New digital challenges in life science: the Swiss Lemanic area and beyond

le 24/09/2015 par Alexandre Masselot
Tags: Software Engineering

www.octo.ch

The life science sector faces great challenges when the time comes to meet modern digital opportunities. This sector is incredibly dynamic, both from an economic and a scientific point of view, but innovation in the lab often comes in pair with a deep evolution in the information system strategy.

In this article, we will first focus on the Swiss Lemanic area landscape and see how the main computational trends encountered there are representative of the domain at large. We will then try to extract the most prevalent technical issues, either methodological or technological.

More importantly, we will see that life science has a particular culture and faces original computational issues. But a lot of the digital aspects are strikingly similar to those of other industries, like finance, retail or social media. Therefore, a great deal is to be learned from how companies in those sectors have undertaken their own transition towards a new digital era (and vice versa).

Welcome in Health Valley

The life science ecosystem consists of many actors: the pharmaceutical industry, biotechs, medical instrumentation companies and institutional centers. In Switzerland, this sector is dynamic, both scientifically and economically, and plays a major role in the country's economy [1] [2].

If Basel is the historical center and still remains the most active area, the Lemanic bassin (aka "the Health Valley") has no reasons to be shy. Science journal presumably even called the area "the number One cluster for life sciences research in continental Europe" [3].

Beside many private players (cf. figure 1), the public sector is also a key driver. Several remarkable public/private initiatives have been launched and provide a fertile breeding ground: Geneva Campus Biotech [4], EPFL Innovation Park [5], Lausanne Biopôle [6] etc.

We are right in the middle of it!

[caption id="attachment_56454" align="aligncenter" width="400"] F100-HealthValley-Carte-04032010

A 2010 panorama, but still relevant [7].

[/caption]

Where is the domain heading to?

It is far beyond this article's scope to depict the long term goals of all the private actors. Let's remain modest, and focus on the information system side of the challenges at stake. A few initiatives can be seen as representative:

  • Health2020 [8]: the federal level comprehensive strategy, decided in 2013. Two of its highest priorities raise serious computational challenges: the electronic patient dossier and the handling of gigantic flows of personalized data.
  • The Human Brain Project [9]: involving more than 130 partners in 26 countries, the project vision is to build a low level model of the human brain and to structure all the information on this subject.
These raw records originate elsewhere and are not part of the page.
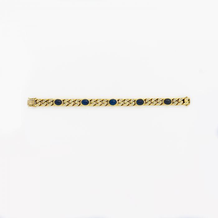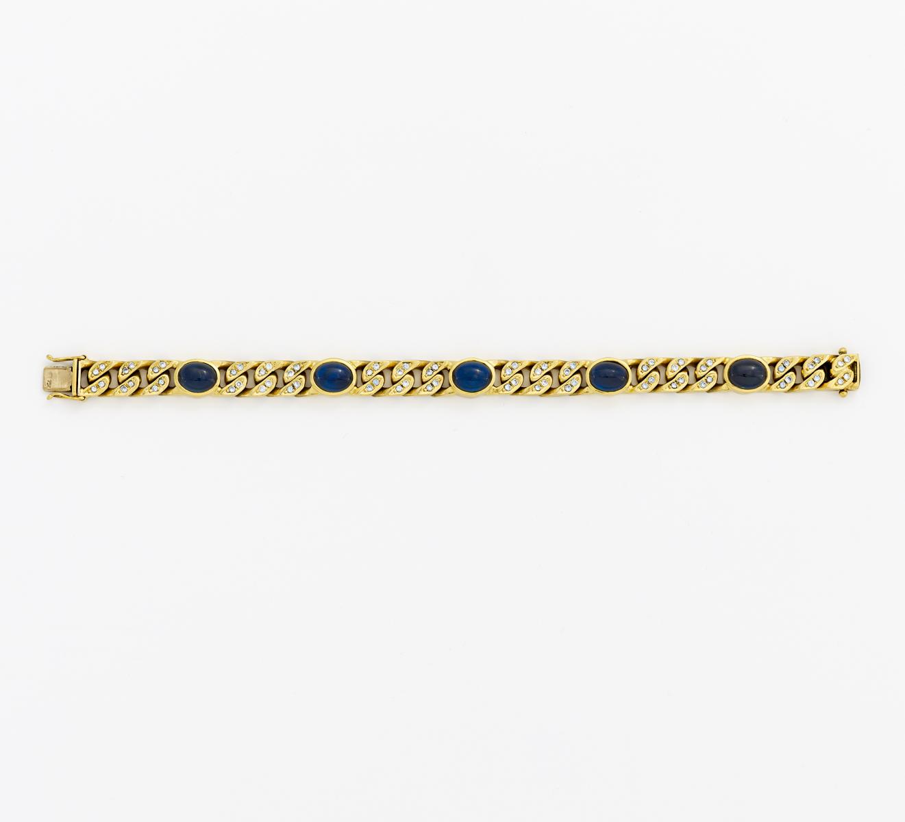 Massives Panzerarmband mit Saphir-Diamantbesatz. 750/- GELBGOLD.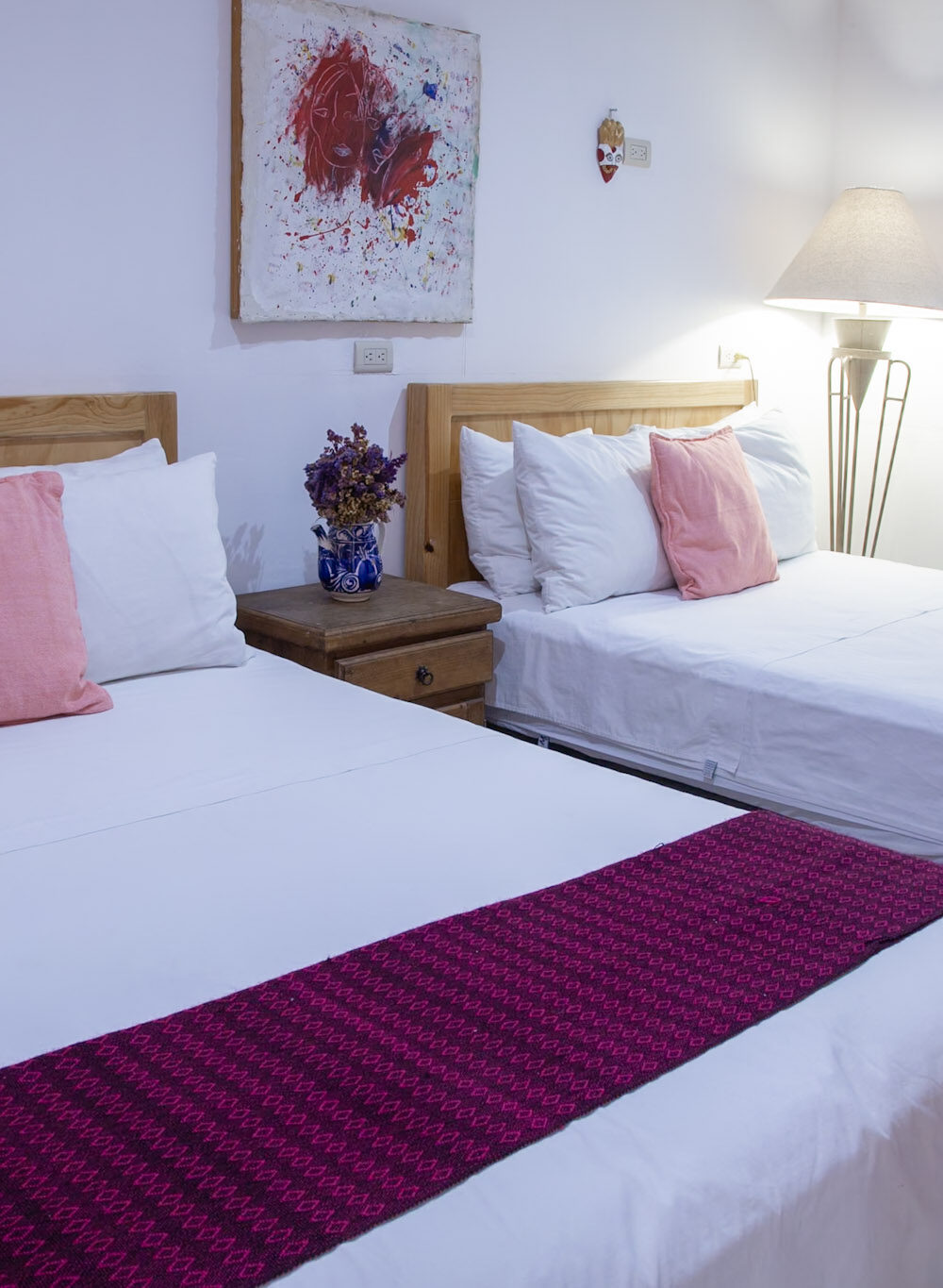 Disfruta de una cama king size con sábanas de algodón puro, dos baños privados totalmente decorados y amenidades naturales, además de una habitación con dos camas matrimóniales. Ideal para descansar después de recorrer la ciudad. La suite cuenta con aire acondicionado, ventiladores y frigo-bar Wi-Fi de alta velocidad, Smart TV y detalles únicos elaborados por artesanos locales que rinden homenaje a la riqueza cultural de Oaxaca.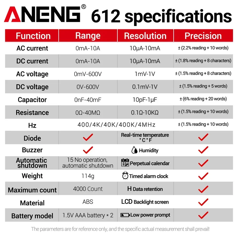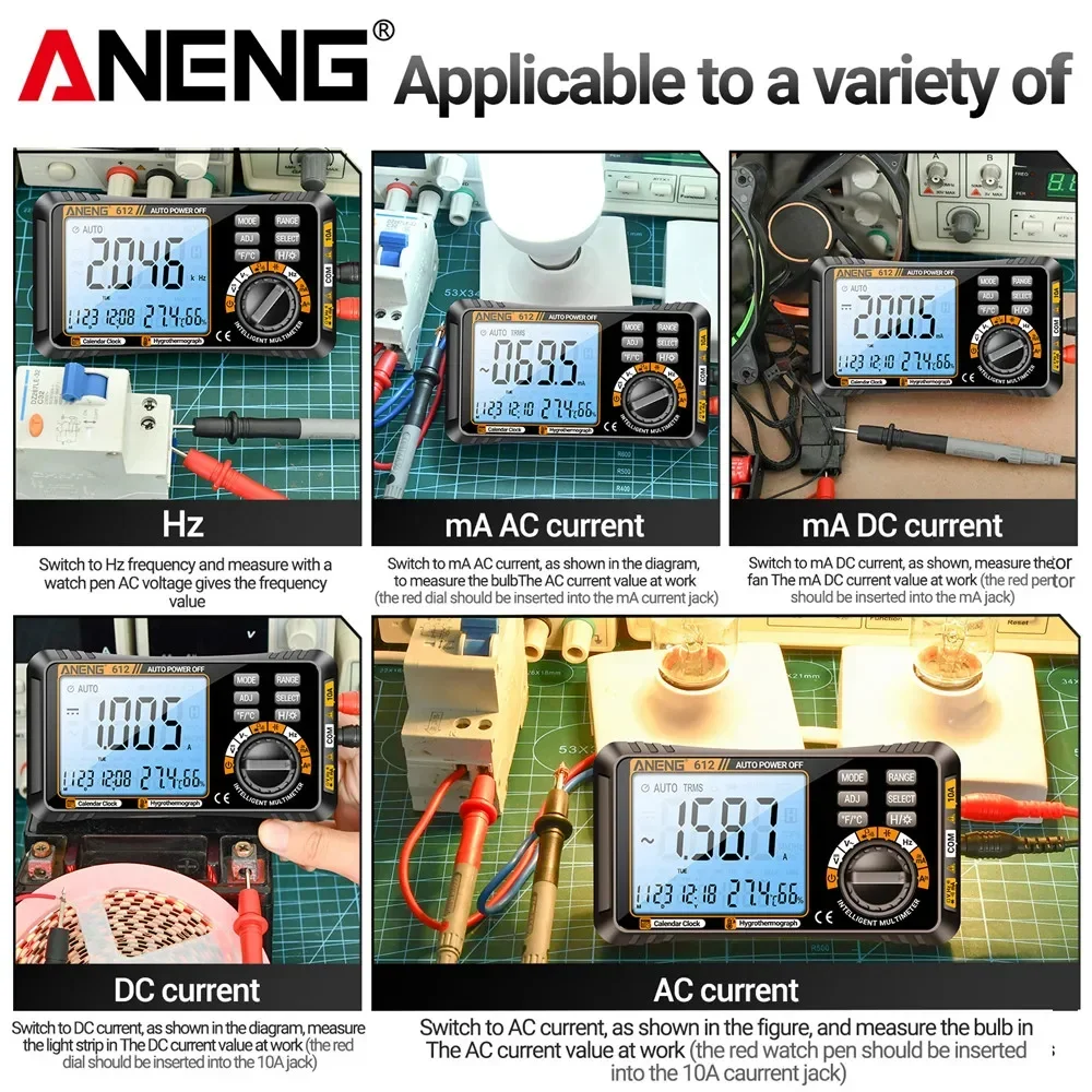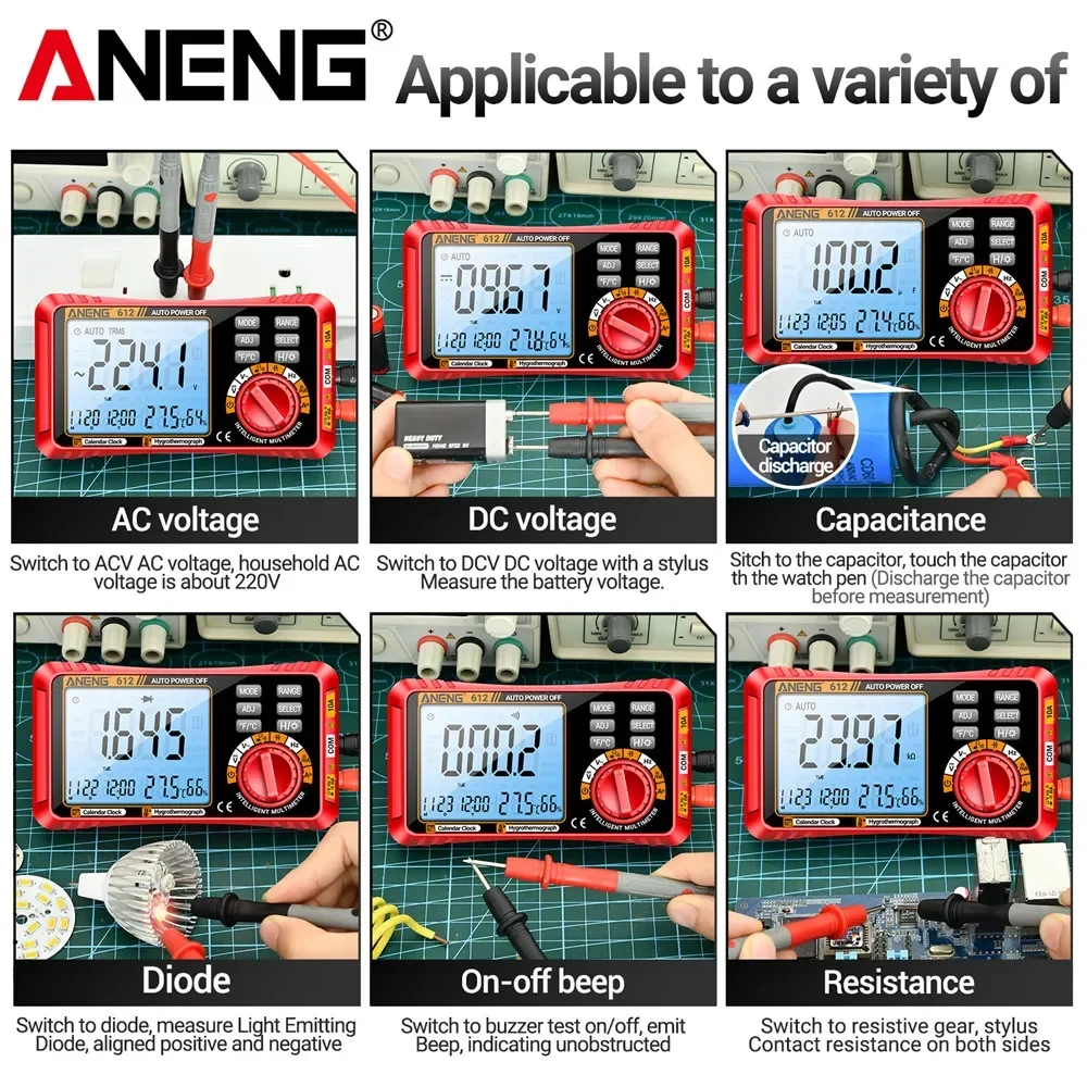 ANENG 612 العدادات الرقمية الذكية التيار المتناوب/تيار مستمر سعة الجهد الحالي أدوات اختبار متعددة المقاييس القياس المهنية

European by nature, the project is directed by EPFL, and its largest center is hosted in Geneva.
  • CHUV Biobank [10]: one of the Lausanne University Hospital Biobank's mission is to collect patient data, like genomic sequences, at a very large scale. All consenting patients entering the hospital are targeted, with an estimation of 15,000 samples per year [11]. This project opens the path for a larger regional and country wide strategy.

These initiatives certainly shoot for the sky. But rather than focusing on technical (or scientific, ethical, political or even psychological) concerns raised by each of them, we should see these projects as representative of the stimulating local ambiance in life science and appreciate how they shape the Lemanic area landscape, both inwards and outwards.

Information System challenges

Addressing the core biological questions is also out of the scope of this paper and we'll focus on information system issues. Like other experimental sciences, the digital age has fully entered the wet lab. And some numerical challenges raise important, yet exciting questions.

Big Data

Let's shoot the elephant in the room first: laboratory instruments generate a huge information flow. Genomic sequencing is not the only data provider, but it is nowadays the most prominent one. The advent, a decade ago, of the Next Generation Sequencing (NGS) technology dramatically changed the paradigm. From three billions dollars in the nineties down to less than a thousand dollars today for a single individual [12], sequencing is making its way to the modern physician's toolbox.

[caption id="attachment_56453" align="aligncenter" width="400"]!["The $1,000 genome", Nature 12

"The $1,000 genome", Nature [12].

[/caption]Genomic sequencing covers a large variety of methods. A typical whole genome analysis, on a single patient sample, will generate roughly 200GB of data. And if we go back to the previous section, where sequencing 15,000 patients per year in a single hospital is the plan, we can estimate the total yearly volume to be around three petabytes (3x1015 bytes). The term "big data" gets all its weight.

As discussed in the aforementioned Nature paper, NGS broke the Moore's Law pattern. Keeping pace only with the data storage aspect of it is a tremendous challenge (not to mention analysis). On the one hand, compression efforts are undertaken to reduce data volume but hardly change the problem due to the exponential growth of said data. On the other hand, some scientists advocate to simply destroy the raw data and only keep some analyzed projections while storing the original samples in a freezer. They argue that freezer storage is much cheaper than disk space and if the raw sequence data are needed in the future, they could simply be acquired again (with certainly more performant technologies). Those ideas are still debated in the field as they face all sorts of ethical, scientific and technical arguments.

Visualization

Once terabytes have flowed to your hard disks and brilliant analysis methods have run on your large scale cluster, the problem is not over. In fact, it starts there: you have to try to make some sense out of this deluge of data. Static analysis reports are useful in some situations, but scientists often need to have a more intimate relationship with their data to question them, to navigate through them or to put them in perspective with other contexts.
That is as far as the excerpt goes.